Knowledge graphs have become more and more popular due to their unprecedented efficiency in

(1) integrating data from many sources with different data schemas,
(2) handling dynamic, redundant, incomplete or inconsistent information,
(3) their ability to reason, validate and deduce new knowledge from existing facts.

However, high expressivity, schema flexibility and the open-world assumption (OWA) can sometimes be hard to handle. Thus the W3C Community developed various standards to perform mappings, deduce new knowledge, add closed-world rules to them or check their consistency. But the variety of standards requires a deep understanding of the mechanisms behind them and can make maintenance of the different layers somewhat chaotic.

But is there a way to just use one language? Just one single standard the user has to learn to handle every aspect of a Knowledge Graph? Yes, there is. In its flagship product “Anzo”, a holistic Knowledge Graph Platform, Cambridge Semantics Inc. implemented an interesting concept: Graphmarts.

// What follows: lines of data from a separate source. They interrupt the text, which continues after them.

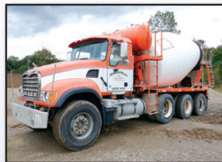
05 MACK CV713 GRANITE

2005 MACK CV713 Granite Tri-Axle Rear Discharge , Mack 6 cyl diesel and Fuller 9LL, 11 speed trans, Challenge 10.5 cubic yard hydraulic mixer with 300 gallon pressurized water tank, 46,000# rears and 20,000# front axle, block/beam suspension, heated mirrors, cruise control, a/c, 425/65R22.5 front, 11R22.5 rear, and 275/80R24.5 lift tires. In good condition with good tires.
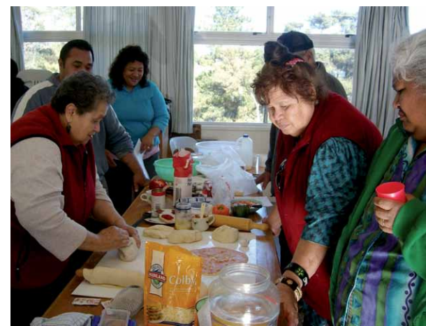
Making a pizza base, a first for some of the students.

This project was part of an extended adult education programme supported by Back 2 Back.
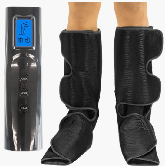
Calf and Foot Compression Massager

Though compact, the massager can fit calves up to 21 inches and feet up to 14 inches and includes two extenders. It is integrated with a control panel, where massage modes, heat, and intensity levels can be adjusted for a customizable treatment experience.
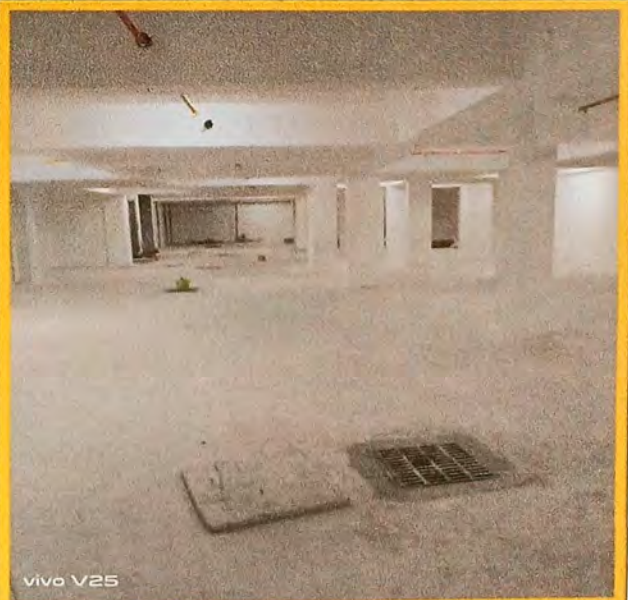
Grano Flooring Work is Completed
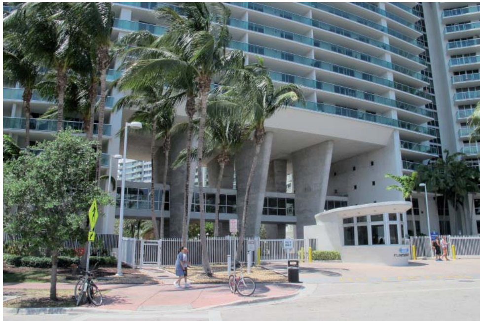
B1 (2) – 1422 Bay Road, 04/25/16
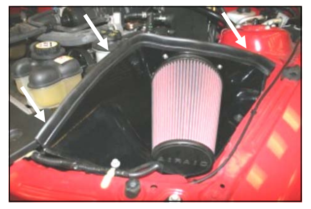
14. Install the Airaid Premium Filter (#1) onto the Airaid Intake Tube and tighten the hose clamp. Next install the supplied weather strip (#5) onto the top of the CAD as shown. For ease of installation, start next to the radiator and work your way towards the fender.

Make sure there is no foreign material in the intake path. Make sure all clamps, hoses, bolts, and screws are tight. Double check the hood clearance!
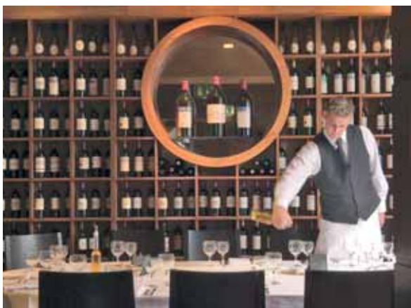
Hotel and retail is one sector that doesn't have such a bright outlook
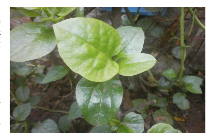
Figure 3: Basella alba

Roshan Adhikari et al.(2012) reported that Basella alba has been used from a long time back for the treatment of many diseases like dysentery, diarrhoea, anemia, cancer etc. It has also been utilized for different kinds of healing activities. The chemical composition of the leaf extract has been found to be: proteins, fat, vitamin A, vitamin C, vitamin E, vitamin K, vitamin B9 (folic acid), riboflavin, niacin, thiamine and minerals such as calcium, magnesium and iron. Some unique constituents of the plant are basellasaponins, kaempherol and betalain (Roshan Adhikari et al., 2012).

Essentially, a Graphmart is a collection of data sets and data manipulation steps. Within a Graphmart a user can perform any operation including data mapping, validation and reasoning without using anything but SPARQL. However you can’t just write SAPRQL queries — you need to save them, version them and create a procedure that would put them in order for execution. Graphmarts complement SPARQL by providing the ability to define procedures, templates, versions and user specific views.

Here is an example Graphmart. You can see the layering of different SPARQL queries grouped by the kinds of operations they perform, and how they can be switched off and on.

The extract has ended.